Extracted records

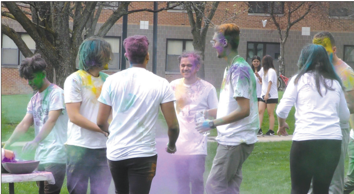
Holi is also known as the Festival of Colors.
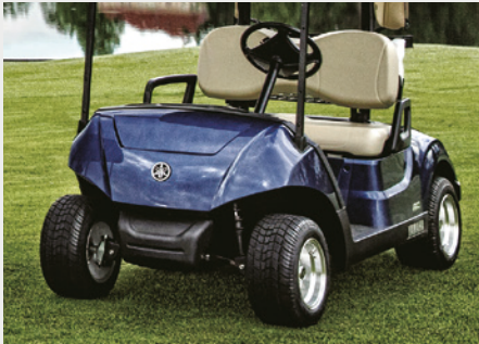
New body styling for Cruise clean tech technologies.
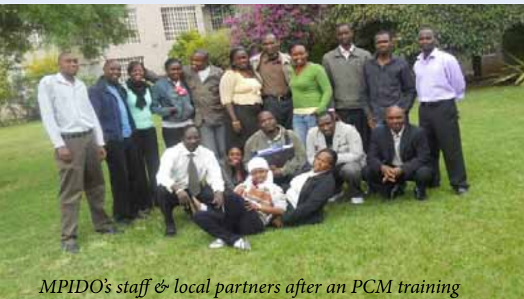
MPIDO's staff & local partners after an PCM training
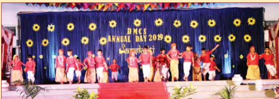
Himachal Pradesh Folk Dance
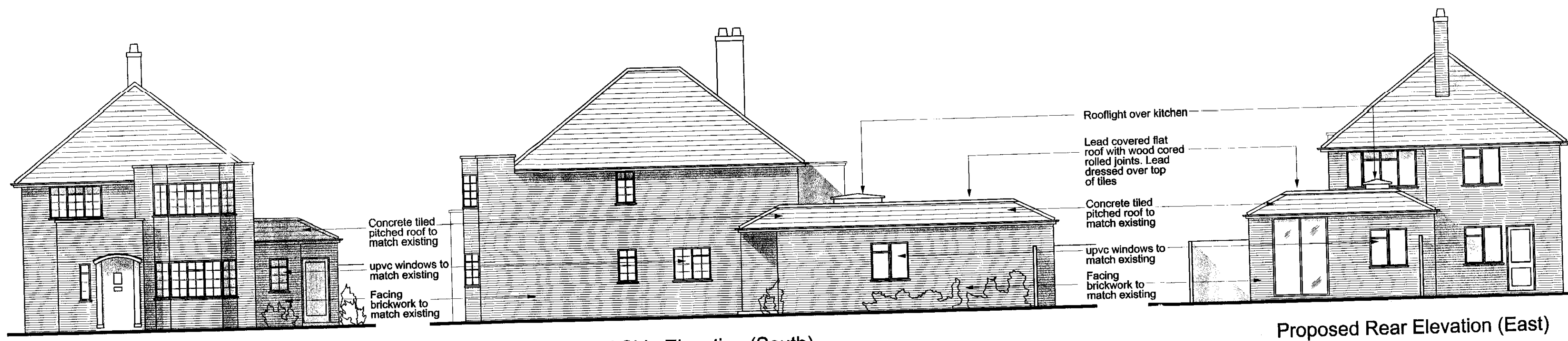
Proposed Front Elevation (West)

PROBLEM TO SOLVE:
What should appear is an exact copy of the lines from the one containing "MPIDO's staff &" through the last line of the records above, pictures excluded.

REPLY TO THE TASK:
MPIDO's staff & local partners after an PCM training
Himachal Pradesh Folk Dance
Proposed Front Elevation (West)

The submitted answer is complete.